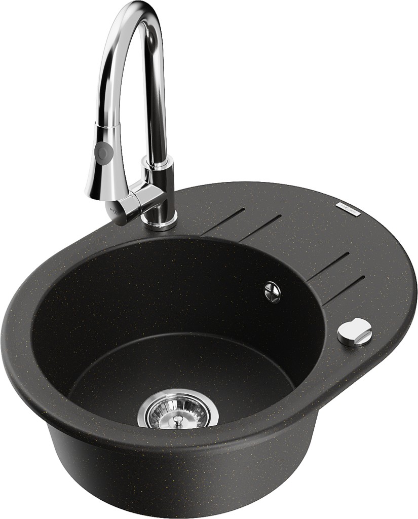Technické údaje: Kuchynský drez: Rozmery: 586x458x190 mm Hĺbka komory: 180 mm Šírka komory: 378x374 mm Priemer odtoku: ø90 mm Typ: 1 drez s krátkym odkvapkávačom Typ: Zapustený Farba: Čierna/Zlatá metalíza Povrchová úprava sifónu: Chróm Materiál: Žula (80% žulového kameniva, 20% živíc) Prepadový otvor: Áno Otvory: (batériové, automatické) 2 Inštalácia: Univerzálna, je možné inštalovať s odtokom na ľavej alebo pravej strane Vysoká odolnosť proti poškriabaniu a zafarbeniu Odolnosť proti tepelným šokom Ľahko čistiteľný povrch Dva ďalšie frézované otvory na samodierovanie ø35 Kuchynská batéria: Materiál: Mosadz Farba: Chróm Hlava: Keramika Prevzdušňovač: Áno Typ: Jednopákový Výška batérie: 380 mm Dosah výtoku: 252 mm Typ výtoku: Výsuvný(GT) Ean: 5905315031785
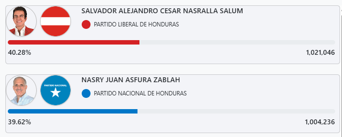 Con la última actualización del Consejo Nacional Electoral (CNE), a las 10:51 a.m. de la mañana de este miércoles, la distancia entre Salvador Nasralla y Nasry Asfura se acorta levemente a 16,810 votos, manteniendo el candidato liberal 1,021,046 votos contra los 1.004,2366 de su contrincante nacionalista
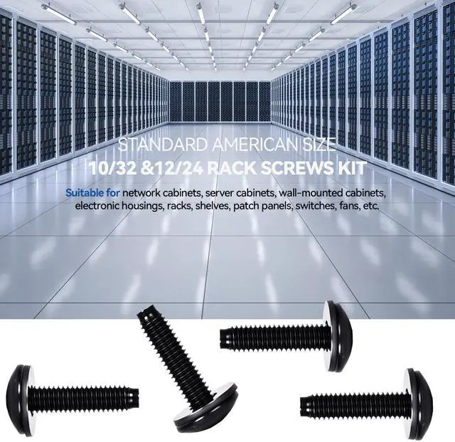 Our rack installation screws are made of carbon steel with a black galvanized coating featuring high strength resistance to corrosion good oxidation resistance and excellent color matching This ensures reliability and strength meeting your server installation requirements ^^ This kit includes 120 10/32 rack screws 120 graphite washers the Settings required for seamless connection ^^ Our 10/32 rack screws feature tight threads uniform force distribution and are less prone to deformation and sliding during rolling and installation Deep and clear flat beams can make your work easier and enhance your productivity ^^ These 10/32 rack screws are suitable for installation in server racks routers A/V and other equipment chassis racks and cabinets ^^ Our 10/32 rack screws have sharp clean accurate and burr-free threads The graphite gasket can better protect your rack You can quickly and easily set up your server or audio cabinet allowing you to focus on the most important thing - powerful performance

******************************

◆ **Exercise description**
Word for word, quote the lines above. Omit the pictures.

◆ **Finished exercise**
Technické údaje: Kuchynský drez: Rozmery: 586x458x190 mm Hĺbka komory: 180 mm Šírka komory: 378x374 mm Priemer odtoku: ø90 mm Typ: 1 drez s krátkym odkvapkávačom Typ: Zapustený Farba: Čierna/Zlatá metalíza Povrchová úprava sifónu: Chróm Materiál: Žula (80% žulového kameniva, 20% živíc) Prepadový otvor: Áno Otvory: (batériové, automatické) 2 Inštalácia: Univerzálna, je možné inštalovať s odtokom na ľavej alebo pravej strane Vysoká odolnosť proti poškriabaniu a zafarbeniu Odolnosť proti tepelným šokom Ľahko čistiteľný povrch Dva ďalšie frézované otvory na samodierovanie ø35 Kuchynská batéria: Materiál: Mosadz Farba: Chróm Hlava: Keramika Prevzdušňovač: Áno Typ: Jednopákový Výška batérie: 380 mm Dosah výtoku: 252 mm Typ výtoku: Výsuvný(GT) Ean: 5905315031785
 Con la última actualización del Consejo Nacional Electoral (CNE), a las 10:51 a.m. de la mañana de este miércoles, la distancia entre Salvador Nasralla y Nasry Asfura se acorta levemente a 16,810 votos, manteniendo el candidato liberal 1,021,046 votos contra los 1.004,2366 de su contrincante nacionalista
 Our rack installation screws are made of carbon steel with a black galvanized coating featuring high strength resistance to corrosion good oxidation resistance and excellent color matching This ensures reliability and strength meeting your server installation requirements ^^ This kit includes 120 10/32 rack screws 120 graphite washers the Settings required for seamless connection ^^ Our 10/32 rack screws feature tight threads uniform force distribution and are less prone to deformation and sliding during rolling and installation Deep and clear flat beams can make your work easier and enhance your productivity ^^ These 10/32 rack screws are suitable for installation in server racks routers A/V and other equipment chassis racks and cabinets ^^ Our 10/32 rack screws have sharp clean accurate and burr-free threads The graphite gasket can better protect your rack You can quickly and easily set up your server or audio cabinet allowing you to focus on the most important thing - powerful performance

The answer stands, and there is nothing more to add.